MIAA champion

2016 NCAA Division III First Round, L 12–37 at John Carroll
- Conference: Michigan Intercollegiate Athletic Association
- Record: 9–2 (6–0 MIAA)
- Head coach: Dan Pifer (5th season);
- Offensive coordinator: Dan Musielewicz (5th season)
- Defensive coordinator: Warren Maloney (4th season)
- Captains: Justin Madar; Braden Black; Thomas Gary-Homes; Robert Cuba;
- Home stadium: Cutler Athletic Complex

= 2016 Olivet Comets football team =

American college football season

The 2016 Olivet Comets football team, sometimes known as Team 116 in reference to the 116th season of the Olivet Comets football program, was an American football team that represented Olivet College as a member of the Michigan Intercollegiate Athletic Association (MIAA) during the 2016 NCAA Division III football season. Led by Dan Pifer in his fifth and final season as head coach, the Comets compiled an overall record of 9–2 with a mark of 6–0 in conference play, winning the MIAA title. Olivet advanced to the NCAA Division III football championship playoffs, where the Comets lost in the first round to . The team won the MIAA championship outright for the first time since 1974 and at least a share of the conference title for the second consecutive year, the first time Olivet won back-to-back titles since 1913 and 1914. The title was the 12th in program history, and the nine wins tied the single-season record set in 2015.

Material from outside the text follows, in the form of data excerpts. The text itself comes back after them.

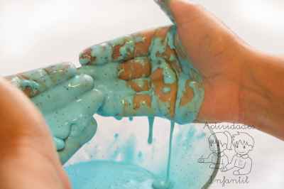 Dejad que los peques experimenten con ella, que se llenen sus manitas, que la aprieten y que crean que ya la tienen para ver sorprendidos y emocionados, como al abrir sus manitas, la bola de masa vuelve a convertirse en líquido entre sus manos de manera mágica. Y, permitidme que os de un consejo, animaos y experimentad también al lado de vuestros hijos!! No os arrepentiréis!!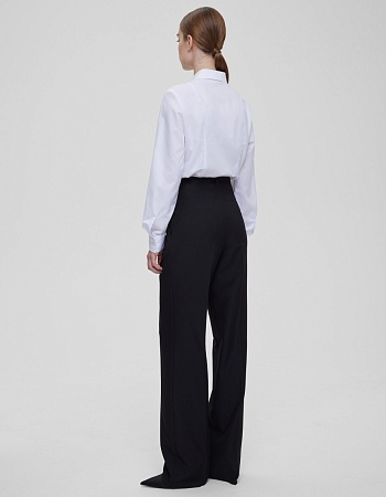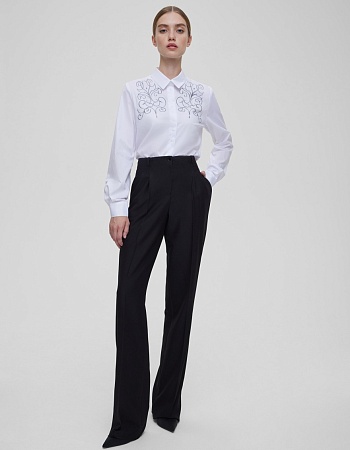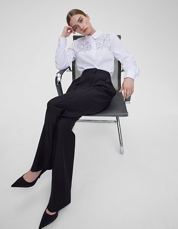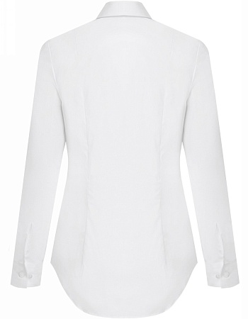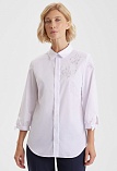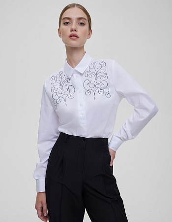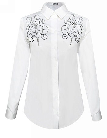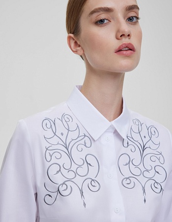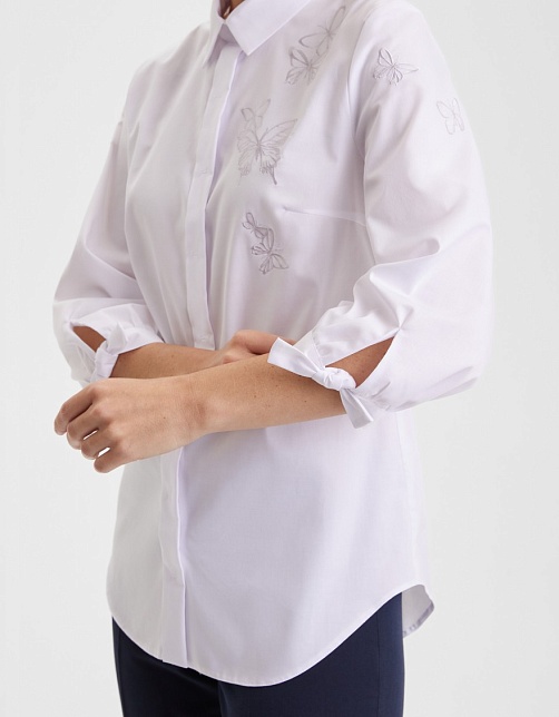 Рубашка из белой  сорочечной ткани с нежной вышивкой  в виде бабочек, выполненной шелковыми нитками жемчужного цвета, высокое качество хлопка, приталенный силуэт, рубашечный отложной воротник, потайная застежка на мелкие пуговицы, модель удлиненная с фигурным низом, длина втачного рукава 3/4 с декоративным элементом в виде завязок.
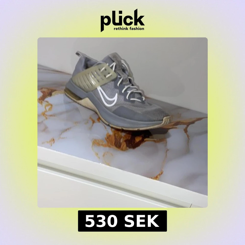 Snygga grå Nike sneakers med vit swoosh på sidan och ljusgrå detaljer. Skorna har snörning och en robust platt sula med transparent sektion vid hälen. Ovandelen är i syntetmaterial och mesh för bra ventilation. Perfekt för dig som gillar sportig stil. Men är lite taita så skulle säga de också passar storlek 44-45.

In December 2016, Pifer left Olivet to become thee head football coach at Walsh University. In January 2017, offensive coordinator and recruiting coordinator Dan Musielewicz was hired as the new head coach for the Comets.

==Schedule==

| Date | Time | Opponent | Site | TV | Result | Attendance |
| September 3 | 1:00 p.m. | at St. John Fisher* | Growney Stadium; Rochester, NY; |  | L 10–52 | 2,566 |
| September 12 | 1:00 p.m. | Emhurst* | Cutler Athletic Complex; Olivet, MI; | Comet Sports Network | W 27–13 | 1,005 |
| September 17 | 2:00 p.m. | at Wisconsin Lutheran* | Raabe Stadium; Milwaukee, WI; |  | W 30–7 | 538 |
| October 1 | 6:00 p.m. | at Hope | Ray & Sue Smith Stadium; Holland, MI; |  | W 15–13 | 1,874 |
| October 8 | 2:00 p.m. | Kalamazoo | Cutler Athletic Complex; Olivet, MI; | Comet Sports Network | W 35–6 | 6,175 |
| October 17 | 1:00 p.m. | at Albion | Sprankle–Sprandel Stadium; Albion, MI; |  | W 31–14 | 3,522 |
| October 22 | 1:00 p.m. | Benedictine (IL)* | Cutler Athletic Complex; Olivet, MI; | Comet Sports Network | W 54–48 ^{OT} | 1,085 |
| October 29 | 1:00 p.m. | Alma | Cutler Athletic Complex; Olivet, MI; | Comet Sports Network | W 36–30 | 2,005 |
| November 5 | 1:00 p.m. | at Adrian | Docking Stadium; Adrian, MI; |  | W 44–37 | 2,775 |
| November 12 | 1:00 p.m. | Trine | Cutler Athletic Complex; Olivet, MI; | Comet Sports Network | W 44–27 | 4,025 |
| November 19 | 12:05 p.m. | at No. 6 John Carroll* | Don Shula Stadium; University Heights, OH (2016 NCAA Division III First Round); |  | L 12–37 | 1,926 |
*Non-conference game; Homecoming; Rankings from D3football.com Poll released prior to the game; All times are in Eastern time;

==Broadcasting==
Radio broadcasting for the Comets was aired by 89.1 The One WOCR FM with play-by-play provided by sports director Matt Scher and color analysis by Zach Sturgill. The games could be heard on the radio and on wocrfm.com. A first for Olivet football, home games were broadcast on the Comet Sports Network produced by Visual Premier Productions, LLC. with audio simulcasted from WOCR's broadcast. The Comet Sports Network broadcasts were streamed through YouTube.